Stored data section start
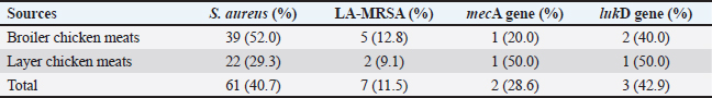 AbstractBackground: Due to its deadly toxins and ability to produce enzymes, the commensal bacterium Staphylococcus aureus is found in animals, birds, and people. It may also be linked to certain medical disorders. Aim: This study was aimed at the prevalence and molecular detection of mecA and lukD genes from livestock-associated methicilin-resistant S. aureus (LA-MRSA) in raw chicken meats sold in Abakaliki. Methods: The butchers in the slaughterhouses provided 150 fresh raw chicken meat samples, which were then cultured and purified using mannitol salt agar. The LA-MRSA was determined using oxacillin and cefoxitin by a disk diffusion method. A polymerase chain reaction was used to investigate the presence of mecA and lukD genes in the isolates that were resistant to cefoxitin and oxacillin. Results: Exactly, 61 (40.7%) out of the 150 samples analyzed were positive for S. aureus, and 39 (52.0%) and 22 (29.3%) were isolated from broiler and layer chicken meats, respectively. Out of the 61 (40.7%) samples colonized by S. aureus, 7 (11.5%) were identified to be LA-MRSA positive using the phenotypic method. Thus, 5 (12.8%) and 2 (9.1%) were recovered as LA-MRSA positive from broiler and layer chicken meats, respectively. All the LA-MRSA was reported to present three major multidrug resistance index patterns. The overall prevalence of mecA and lukD genes was reported as 2 (28.6%) and 3 (42.9%), respectively. Conclusion: This study confirmed the presence of mecA and lukD in LA-MRSA isolated from chicken in Abakaliki, Nigeria, and is a serious public health threat. Keywords: Chicken meats, mecA, LA-MRSA, lukD, public health. IntroductionThe potential for antibiotic-resistant bacteria in animals to spread to humans as foodborne pathogens is a major cause for concern (Effendi et al., 2018). Methicillin-resistant S. aureus (MRSA) is one of the main developing pathogenic strains causing significant issues in veterinary and human medicine, according to a growing number of reports. However, MRSA is drastically increasing among livestock, humans, and their environments (Wu et al., 2019; Tyasningsih et al., 2019). MRSA can spread through direct contact between humans and animals as well as through the use of contaminated surfaces, food, water, and air (Suleyman et al., 2018; Touimi et al., 2020). MRSA has been linked to unsanitary conditions that occur when food is processed, such as when raw chicken meat is contaminated with bacterial toxins. In addition, poor cooking, inappropriate meat storage, incorrect food preparation using contaminated water, and careless handling by food handlers, including butchers and merchants of raw chicken meat, are additional sources of MRSA contamination in food (Abd El-Ghany, 2021). During the process of butchering birds or preparing meat, chicken flesh may become contaminated with MRSA (Abolghait et al., 2020). The high incidence of MRSA in poultry meat, which is regarded as a major health risk for consumers, is strongly correlated with the rise of MRSA in human zoonotic illnesses (Benrabia et al., 2020). Because of the potential for zoonotic transmission from contaminated retail meat to people or through the food chain, MRSA strains have previously attracted a lot of attention (Wu et al., 2019). A particular kind of bacterium known as livestock-associated methicillin-resistant S. aureus (LA-MRSA) has become resistant to several antibiotics. It has been identified in various countries of the world. LA-MRSA has been recognized as a serious pathogen that presents a zoonotic risk to people, particularly those in intimate contact with the disease (Kinross et al., 2017). LA-MRSA has always been associated with animals and animal products and is linked to transmission from animals to humans. LA-MRSA has been reported worldwide from farm animals such as poultry birds and pigs (Fox et al., 2016). Serious worries regarding potential food contamination have been raised by the discovery that LA-MRSA is present in food-producing animals. Research from Africa, Europe, Asia, and North America has demonstrated that MRSA can be retrieved from animals, retail meat, poultry, fowl, and their products (O’Brien et al., 2012; Peter et al., 2022; Tyasningsih et al., 2022). Researchers have discovered that a number of genomic elements encode virulence and resistance genes carried by MRSA. The MRSA mecA gene, which contains insertion sites for genetic elements that promote the enhanced acquisition of resistance determinants to other antimicrobials, encodes PBP2a, which has decreased susceptibility to β-lactam antibiotics (Ito et al., 2012). Staphylococcus aureus strains that carry the mecA gene become resistant to methicillin, which is penicillinase. Staphylococcal cassette chromosome mec (SCCmec) contains this gene, which confers resistance to many antibiotics such as penicillin and beta-lactam. The mecA gene-related multidrug-resistant (MDR) S. aureus strains were found in ready-to-eat meat products, chicken giblets, and retail meat products (Darwish et al., 2018; Morshdy et al., 2018). MRSA from poultry chicken meat has been found to contain multiple toxin gene groups, including enterotoxins (sea, seb, sec, sed, see, seg, seh, and sei), exfoliative toxins (eta and atb), leukocidins (lukE, lukD, and lukM), Panton-Valentine leukocidin (lukS and lukF), and hemolysins (hla, hlb, and hld) (Abdalrahman et al., 2015). MRSA (nuc and mecA positive) has also been recovered from chicken, pork, and turkey (Fox et al., 2016). There are limited studies about LA-MRSA strains that are capable of causing zoonotic infections, and other S. aureus infections in Nigeria, especially at Abakaliki in Ebonyi State. Thus, there is a need for this study, which aimed at the prevalence and molecular detection of mecA and lukD genes from LA-MRSA isolated in raw chicken meats sold in Abakaliki. Materials and MethodsStudy design and samplingA cross-sectional study was conducted; layer and broiler chicken fresh raw mea
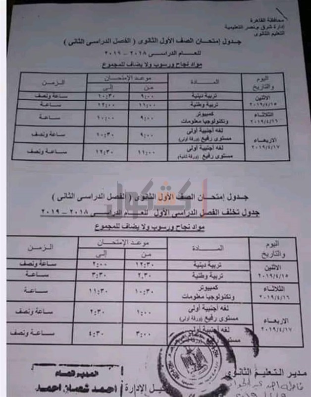 ننشر جدول امتحانات المواد غير المضافة للأول الثانوي بالقاهرة
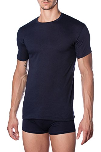 MarcLuis - Mezza Manica Girocollo in 100% Puro Cotone Jersey Pettinato per Una Morbidissima e freschissima Sensazione sulla Pelle, Confezione da 3 Pezzi, Colore: Blu, Taglia M
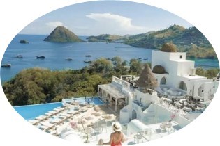 ② 小聖托裡尼: 這是一間典雅的希臘風格聖托裡尼主題飯店。登機前,我們在這裡一邊欣賞拉布安海灣的美麗景色,一邊享用一頓精緻的午餐。午餐後,搭乘印尼內陸航班直飛印尼首都雅加達。
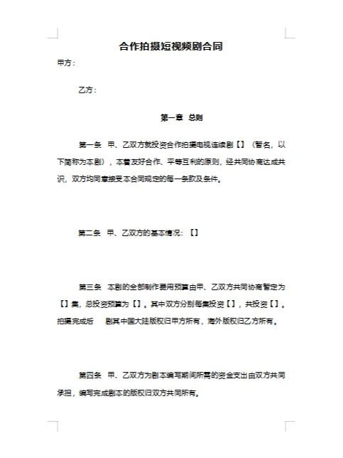 律師起草審核的拍攝短視頻劇協(xié)議合同模板
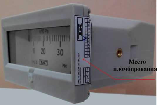 Рисунок 1 - Общий вид тягомеров, напоромеров, тягонапоромеров мембранных показывающих ТмМП-52-М2, НМП-52-М2, ТНМП-52М2 c местом пломбирования
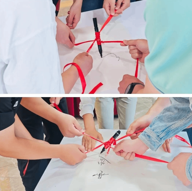 “神笔马良”的协作比拼环节,每组成员共同操控一支笔完成书写。紧盯笔的动态与字的书写,时刻调整力度与方向,在默契配合中加深互信,感受团队协作的重要性。
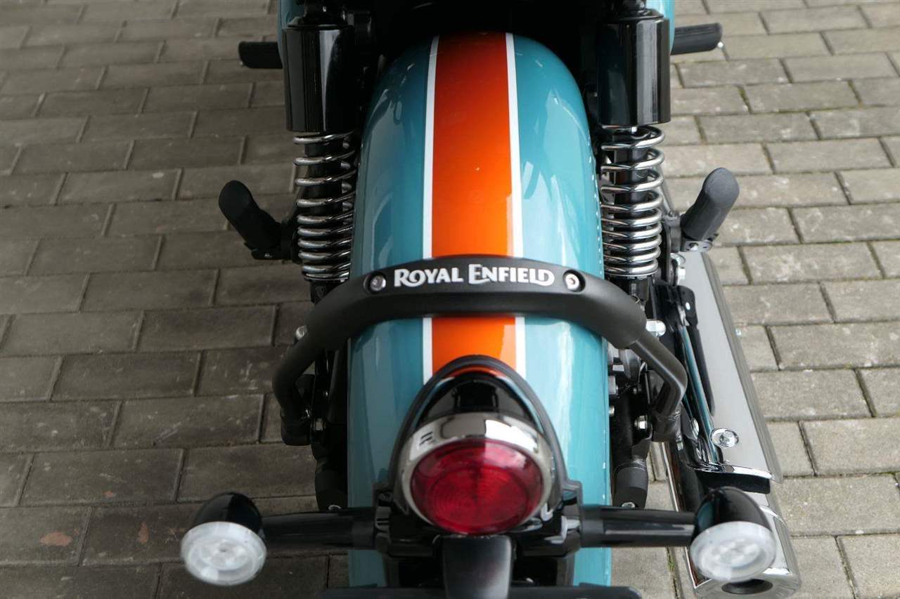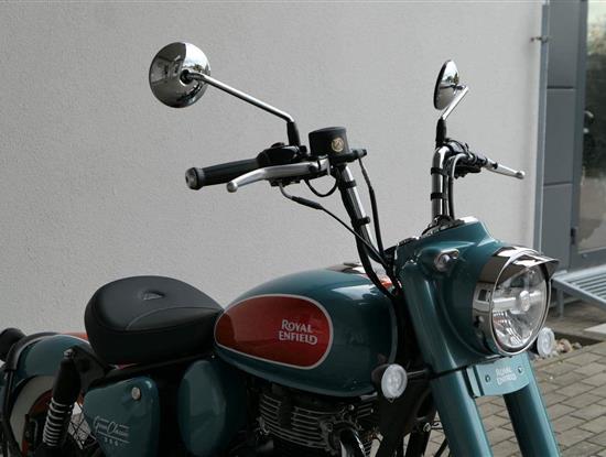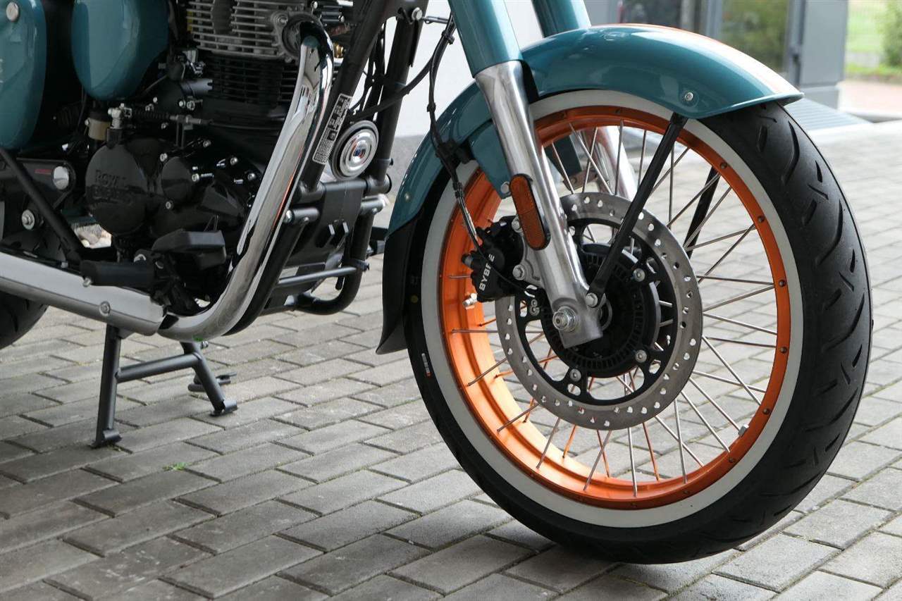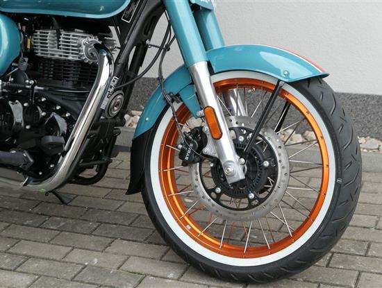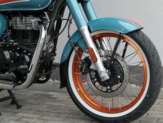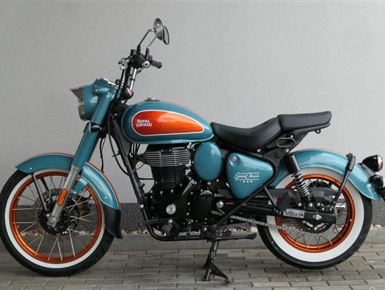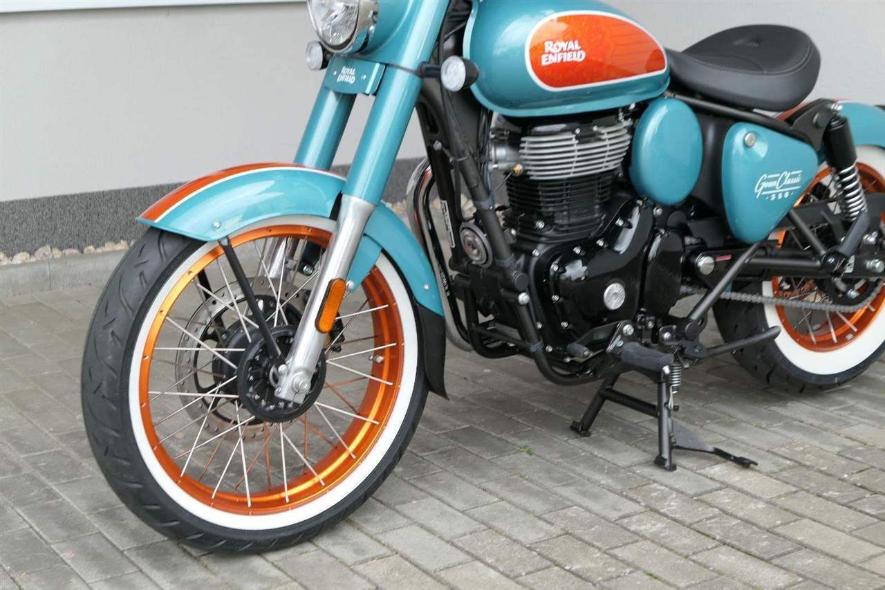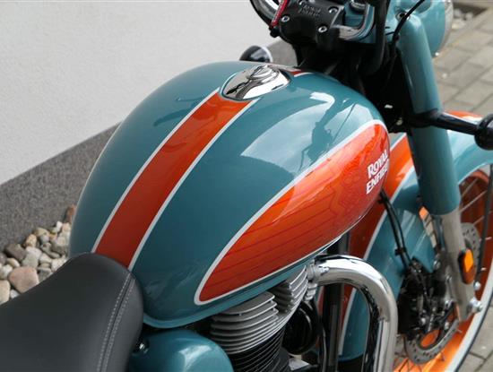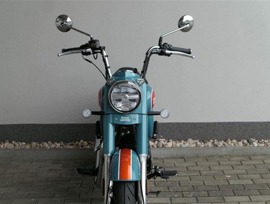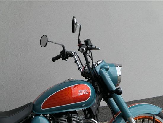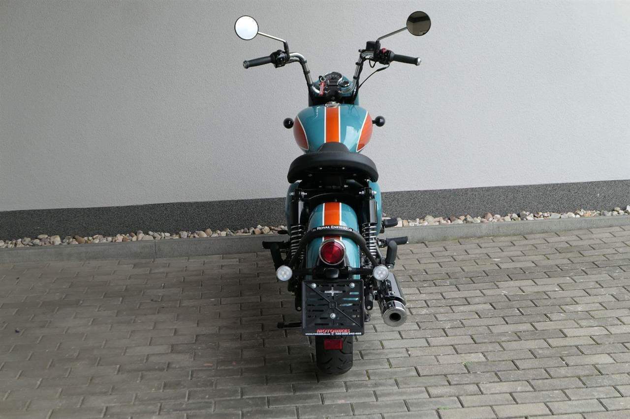 - Osvědčený motor 350 cm³ (J-platforma) – kultivovaný chod, spolehlivost a typický zvuk Royal Enfield
Stored data section end
*What to do*:
The answer must be a word-for-word copy of all the entries, containing no pictures.

*Response to the exercise*:
 AbstractBackground: Due to its deadly toxins and ability to produce enzymes, the commensal bacterium Staphylococcus aureus is found in animals, birds, and people. It may also be linked to certain medical disorders. Aim: This study was aimed at the prevalence and molecular detection of mecA and lukD genes from livestock-associated methicilin-resistant S. aureus (LA-MRSA) in raw chicken meats sold in Abakaliki. Methods: The butchers in the slaughterhouses provided 150 fresh raw chicken meat samples, which were then cultured and purified using mannitol salt agar. The LA-MRSA was determined using oxacillin and cefoxitin by a disk diffusion method. A polymerase chain reaction was used to investigate the presence of mecA and lukD genes in the isolates that were resistant to cefoxitin and oxacillin. Results: Exactly, 61 (40.7%) out of the 150 samples analyzed were positive for S. aureus, and 39 (52.0%) and 22 (29.3%) were isolated from broiler and layer chicken meats, respectively. Out of the 61 (40.7%) samples colonized by S. aureus, 7 (11.5%) were identified to be LA-MRSA positive using the phenotypic method. Thus, 5 (12.8%) and 2 (9.1%) were recovered as LA-MRSA positive from broiler and layer chicken meats, respectively. All the LA-MRSA was reported to present three major multidrug resistance index patterns. The overall prevalence of mecA and lukD genes was reported as 2 (28.6%) and 3 (42.9%), respectively. Conclusion: This study confirmed the presence of mecA and lukD in LA-MRSA isolated from chicken in Abakaliki, Nigeria, and is a serious public health threat. Keywords: Chicken meats, mecA, LA-MRSA, lukD, public health. IntroductionThe potential for antibiotic-resistant bacteria in animals to spread to humans as foodborne pathogens is a major cause for concern (Effendi et al., 2018). Methicillin-resistant S. aureus (MRSA) is one of the main developing pathogenic strains causing significant issues in veterinary and human medicine, according to a growing number of reports. However, MRSA is drastically increasing among livestock, humans, and their environments (Wu et al., 2019; Tyasningsih et al., 2019). MRSA can spread through direct contact between humans and animals as well as through the use of contaminated surfaces, food, water, and air (Suleyman et al., 2018; Touimi et al., 2020). MRSA has been linked to unsanitary conditions that occur when food is processed, such as when raw chicken meat is contaminated with bacterial toxins. In addition, poor cooking, inappropriate meat storage, incorrect food preparation using contaminated water, and careless handling by food handlers, including butchers and merchants of raw chicken meat, are additional sources of MRSA contamination in food (Abd El-Ghany, 2021). During the process of butchering birds or preparing meat, chicken flesh may become contaminated with MRSA (Abolghait et al., 2020). The high incidence of MRSA in poultry meat, which is regarded as a major health risk for consumers, is strongly correlated with the rise of MRSA in human zoonotic illnesses (Benrabia et al., 2020). Because of the potential for zoonotic transmission from contaminated retail meat to people or through the food chain, MRSA strains have previously attracted a lot of attention (Wu et al., 2019). A particular kind of bacterium known as livestock-associated methicillin-resistant S. aureus (LA-MRSA) has become resistant to several antibiotics. It has been identified in various countries of the world. LA-MRSA has been recognized as a serious pathogen that presents a zoonotic risk to people, particularly those in intimate contact with the disease (Kinross et al., 2017). LA-MRSA has always been associated with animals and animal products and is linked to transmission from animals to humans. LA-MRSA has been reported worldwide from farm animals such as poultry birds and pigs (Fox et al., 2016). Serious worries regarding potential food contamination have been raised by the discovery that LA-MRSA is present in food-producing animals. Research from Africa, Europe, Asia, and North America has demonstrated that MRSA can be retrieved from animals, retail meat, poultry, fowl, and their products (O’Brien et al., 2012; Peter et al., 2022; Tyasningsih et al., 2022). Researchers have discovered that a number of genomic elements encode virulence and resistance genes carried by MRSA. The MRSA mecA gene, which contains insertion sites for genetic elements that promote the enhanced acquisition of resistance determinants to other antimicrobials, encodes PBP2a, which has decreased susceptibility to β-lactam antibiotics (Ito et al., 2012). Staphylococcus aureus strains that carry the mecA gene become resistant to methicillin, which is penicillinase. Staphylococcal cassette chromosome mec (SCCmec) contains this gene, which confers resistance to many antibiotics such as penicillin and beta-lactam. The mecA gene-related multidrug-resistant (MDR) S. aureus strains were found in ready-to-eat meat products, chicken giblets, and retail meat products (Darwish et al., 2018; Morshdy et al., 2018). MRSA from poultry chicken meat has been found to contain multiple toxin gene groups, including enterotoxins (sea, seb, sec, sed, see, seg, seh, and sei), exfoliative toxins (eta and atb), leukocidins (lukE, lukD, and lukM), Panton-Valentine leukocidin (lukS and lukF), and hemolysins (hla, hlb, and hld) (Abdalrahman et al., 2015). MRSA (nuc and mecA positive) has also been recovered from chicken, pork, and turkey (Fox et al., 2016). There are limited studies about LA-MRSA strains that are capable of causing zoonotic infections, and other S. aureus infections in Nigeria, especially at Abakaliki in Ebonyi State. Thus, there is a need for this study, which aimed at the prevalence and molecular detection of mecA and lukD genes from LA-MRSA isolated in raw chicken meats sold in Abakaliki. Materials and MethodsStudy design and samplingA cross-sectional study was conducted; layer and broiler chicken fresh raw mea
 ننشر جدول امتحانات المواد غير المضافة للأول الثانوي بالقاهرة
 MarcLuis - Mezza Manica Girocollo in 100% Puro Cotone Jersey Pettinato per Una Morbidissima e freschissima Sensazione sulla Pelle, Confezione da 3 Pezzi, Colore: Blu, Taglia M
 ② 小聖托裡尼: 這是一間典雅的希臘風格聖托裡尼主題飯店。登機前,我們在這裡一邊欣賞拉布安海灣的美麗景色,一邊享用一頓精緻的午餐。午餐後,搭乘印尼內陸航班直飛印尼首都雅加達。
 律師起草審核的拍攝短視頻劇協(xié)議合同模板
 Рисунок 1 - Общий вид тягомеров, напоромеров, тягонапоромеров мембранных показывающих ТмМП-52-М2, НМП-52-М2, ТНМП-52М2 c местом пломбирования
 “神笔马良”的协作比拼环节,每组成员共同操控一支笔完成书写。紧盯笔的动态与字的书写,时刻调整力度与方向,在默契配合中加深互信,感受团队协作的重要性。
 - Osvědčený motor 350 cm³ (J-platforma) – kultivovaný chod, spolehlivost a typický zvuk Royal Enfield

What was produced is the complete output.